Task: For each record below, retype the text exactly and omit any image.

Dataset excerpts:
+===+
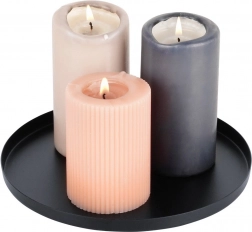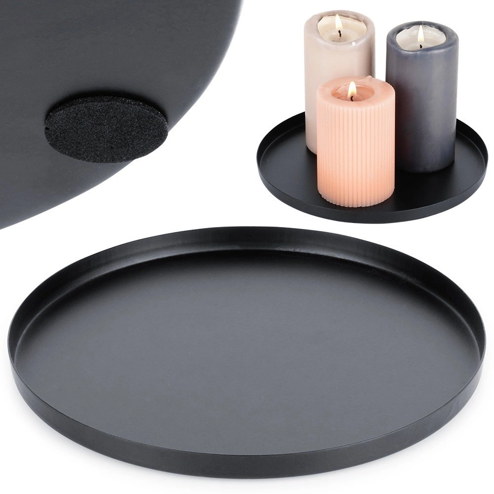 Denne alsidige bakke er et fremragende valg til at udstille lys, små dekorationer og smykker. Den matte sorte finish og rene linjer understreger en moderne indretning, mens den lave kant holder alt sikkert på plads og opfanger eventuelle dryp af voks.
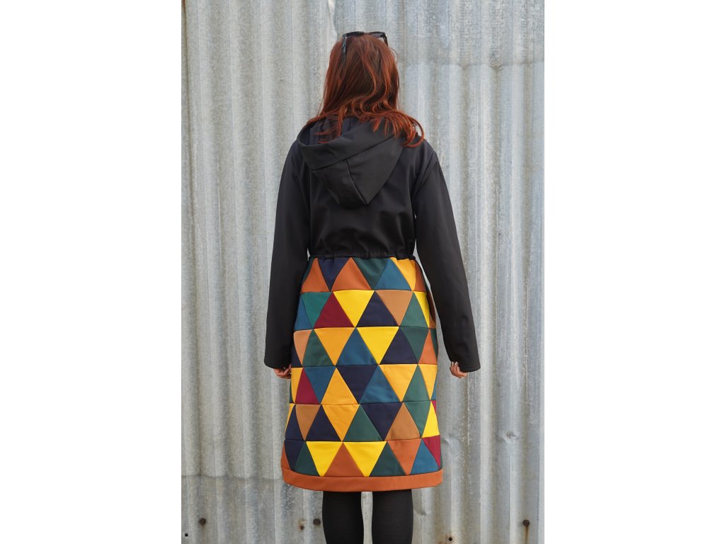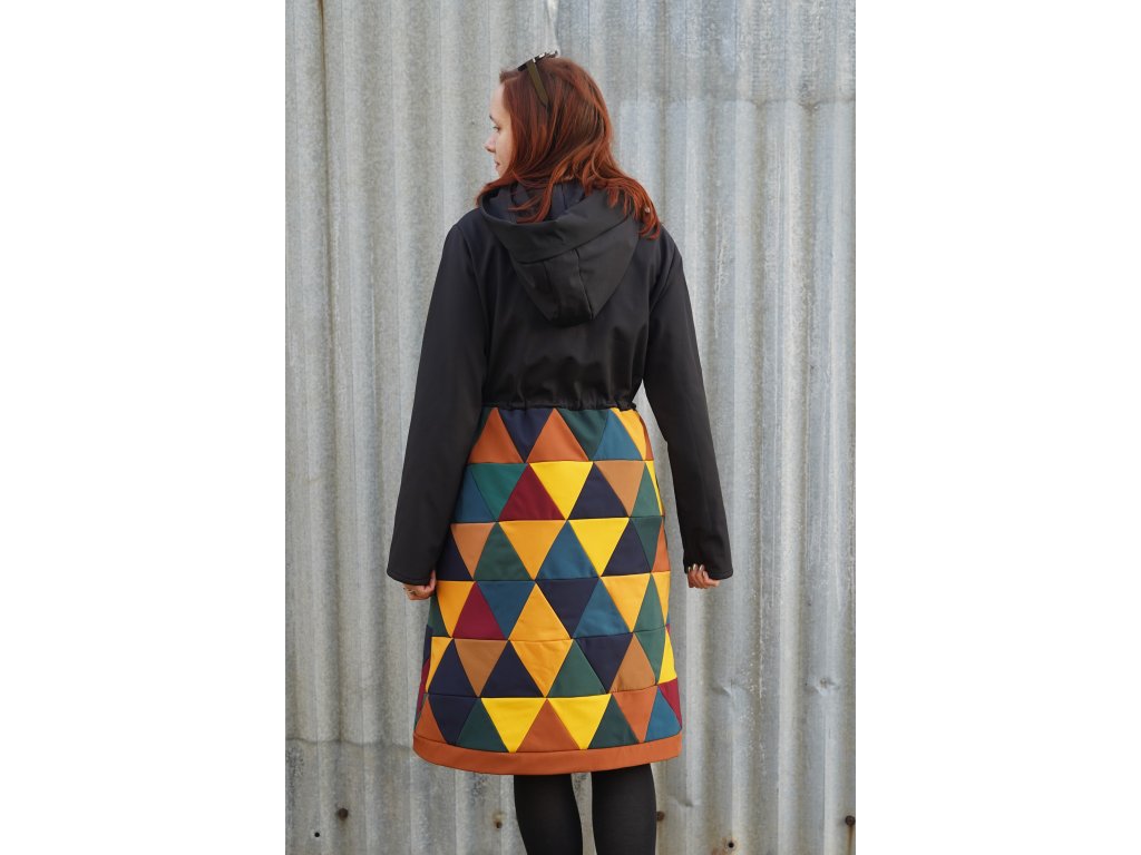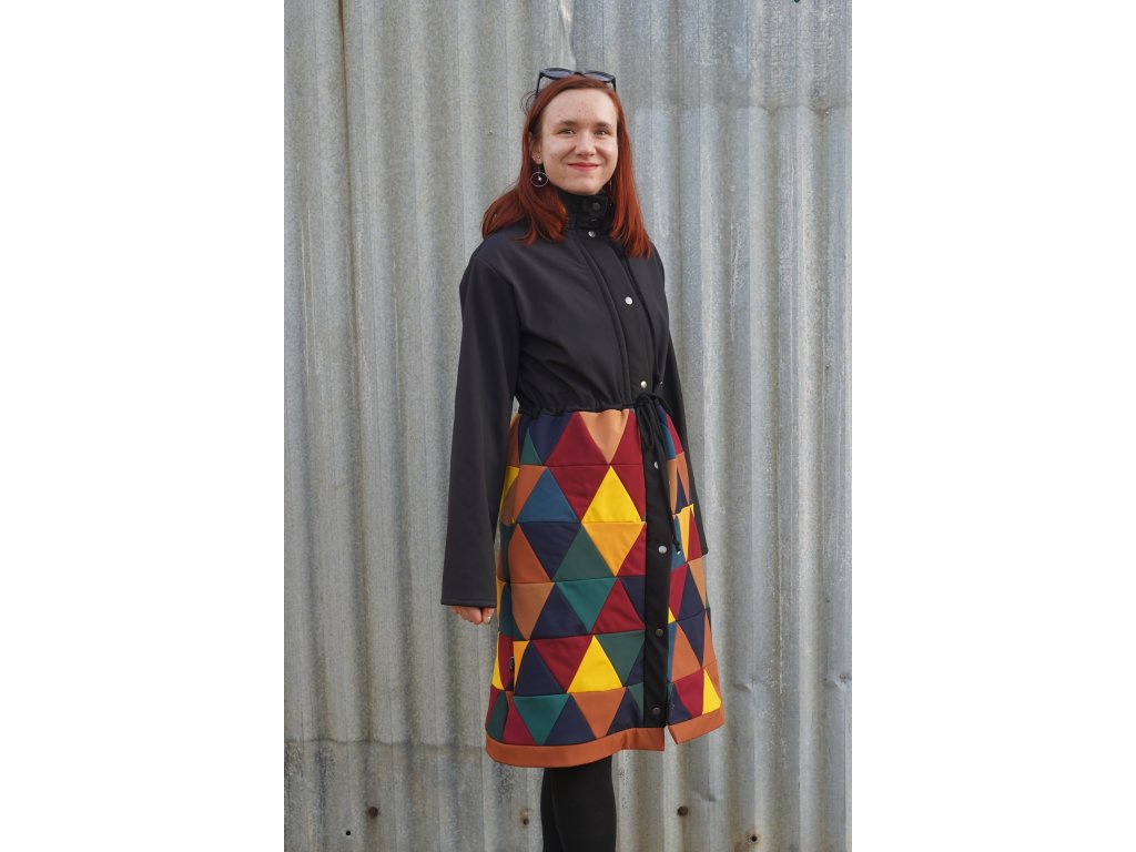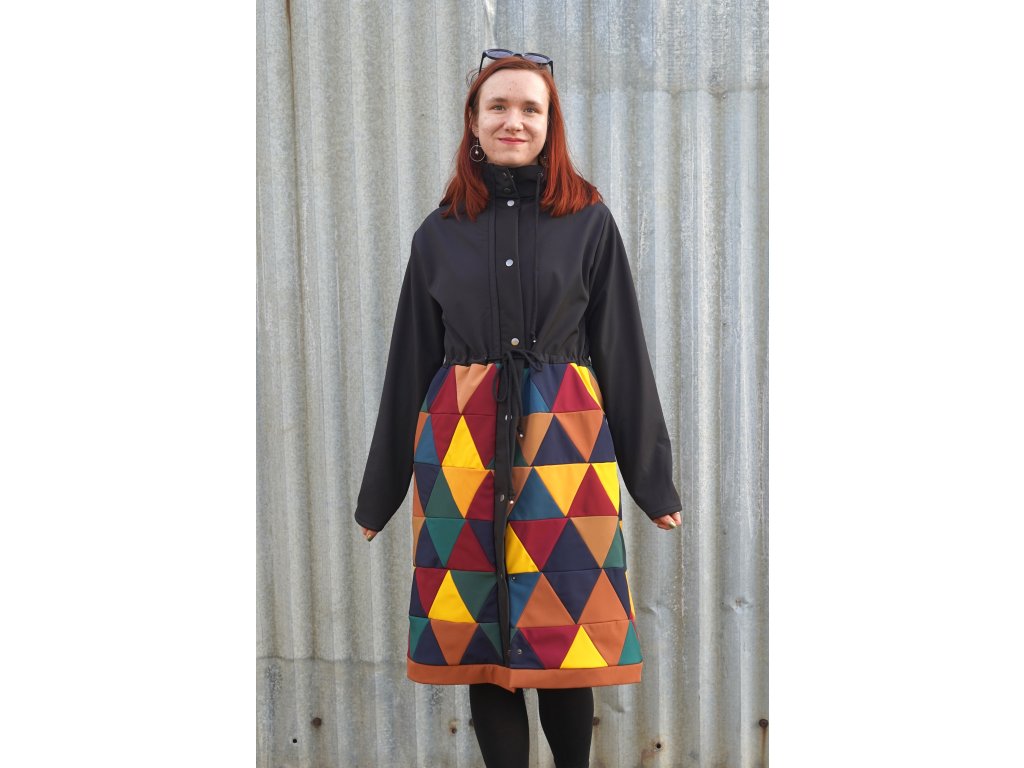Dolní část kabátu je realizována upcyklací zbytkových softshellů. Jednotlivé kousky jsou pečlivě stříhány a sešity v novou, trojúhelníkovou metráž. Tato část kabátu je podšitá.
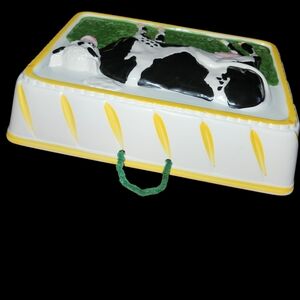 Charming ceramic hand painted wall decor/jello mold by Sigma Beauty. Features a smooth white, yellow,black,and white shiny glazed finish. Raised cow design. Vintage. Excellent condition. Andrea West for Sigma Taste Setter. Great Farmhouse style, Cottage Style. Or if you just like cows, as I do.
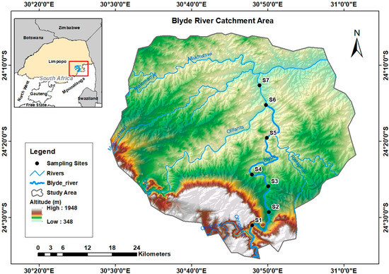 The river is subjected to various sources of anthropogenic pollution, including domestic waste (S1 and S2), agricultural runoff (S3 and S5), and industrial waste (Site 4), while S6 and S7 are nature reserves (Table 1). The sampling sites were spread along the Blyde River until near the confluence with the Olifants River. The study sites ranged between 24°30′59.46” S 30°47′56.14” E and 24°15′30.38” S 30°50′13.22” E (Figure 1).
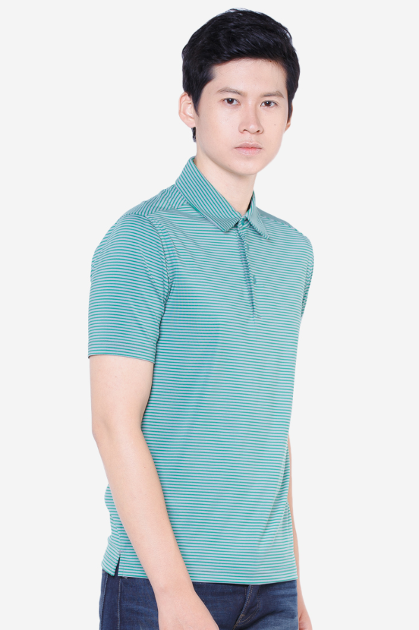 Áo polo nam ngắn tay cao cấp Aligro ALGAPC020 chất liệu vải coolmax form SLIMFIT kẻ ngang màu xanh
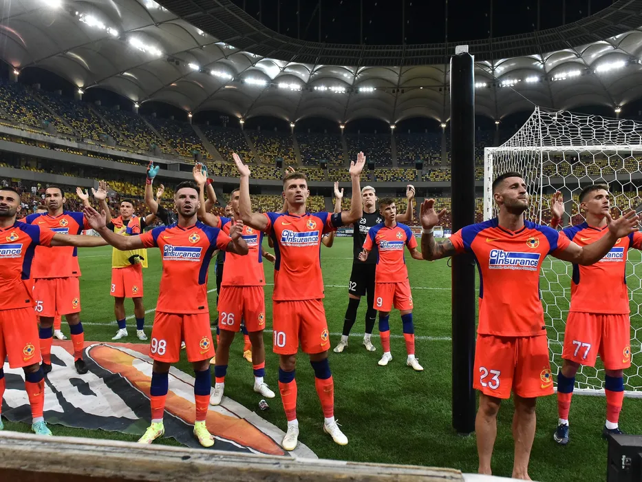 Fotbalistii stelisti Andrei Ioan Cordea, Florin Lucian Tanase, Ovidiu Marian Popescu si Sorin Danut Serban saluta galeria dupa meciul de fotbal dintre FCSB si Gaz Metan Medias, contand pentru Liga 1 Casa Pariurilor, desfasurat pe Arena Nationala din Bucuresti, duminica 8 august 2021. © FOTO:Razvan Pasarica/SPORT PICTURES
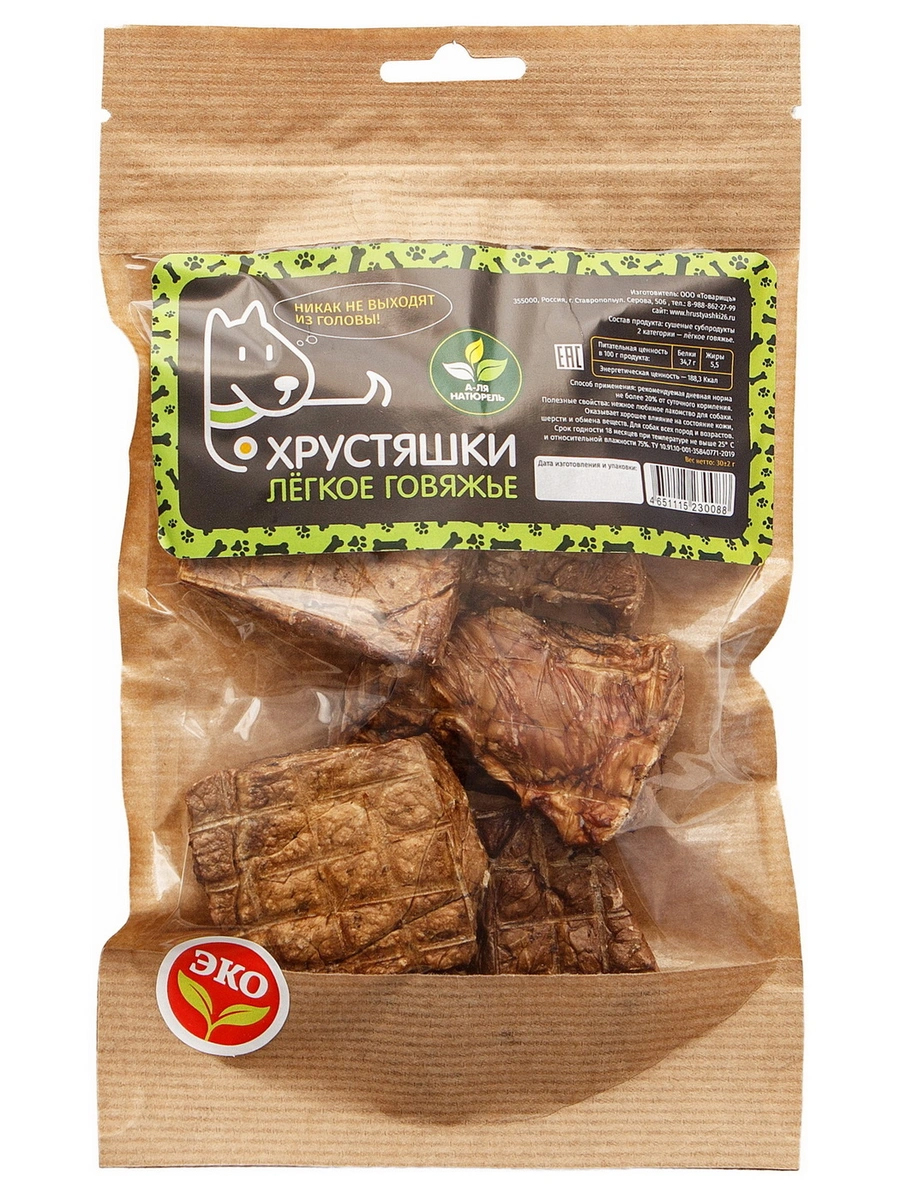 Состав: Сушеные субпродукты 2 категории - легкое говяжье
+===+
The answer:
 Denne alsidige bakke er et fremragende valg til at udstille lys, små dekorationer og smykker. Den matte sorte finish og rene linjer understreger en moderne indretning, mens den lave kant holder alt sikkert på plads og opfanger eventuelle dryp af voks.
Dolní část kabátu je realizována upcyklací zbytkových softshellů. Jednotlivé kousky jsou pečlivě stříhány a sešity v novou, trojúhelníkovou metráž. Tato část kabátu je podšitá.
 Charming ceramic hand painted wall decor/jello mold by Sigma Beauty. Features a smooth white, yellow,black,and white shiny glazed finish. Raised cow design. Vintage. Excellent condition. Andrea West for Sigma Taste Setter. Great Farmhouse style, Cottage Style. Or if you just like cows, as I do.
 The river is subjected to various sources of anthropogenic pollution, including domestic waste (S1 and S2), agricultural runoff (S3 and S5), and industrial waste (Site 4), while S6 and S7 are nature reserves (Table 1). The sampling sites were spread along the Blyde River until near the confluence with the Olifants River. The study sites ranged between 24°30′59.46” S 30°47′56.14” E and 24°15′30.38” S 30°50′13.22” E (Figure 1).
 Áo polo nam ngắn tay cao cấp Aligro ALGAPC020 chất liệu vải coolmax form SLIMFIT kẻ ngang màu xanh
 Fotbalistii stelisti Andrei Ioan Cordea, Florin Lucian Tanase, Ovidiu Marian Popescu si Sorin Danut Serban saluta galeria dupa meciul de fotbal dintre FCSB si Gaz Metan Medias, contand pentru Liga 1 Casa Pariurilor, desfasurat pe Arena Nationala din Bucuresti, duminica 8 august 2021. © FOTO:Razvan Pasarica/SPORT PICTURES
 Состав: Сушеные субпродукты 2 категории - легкое говяжье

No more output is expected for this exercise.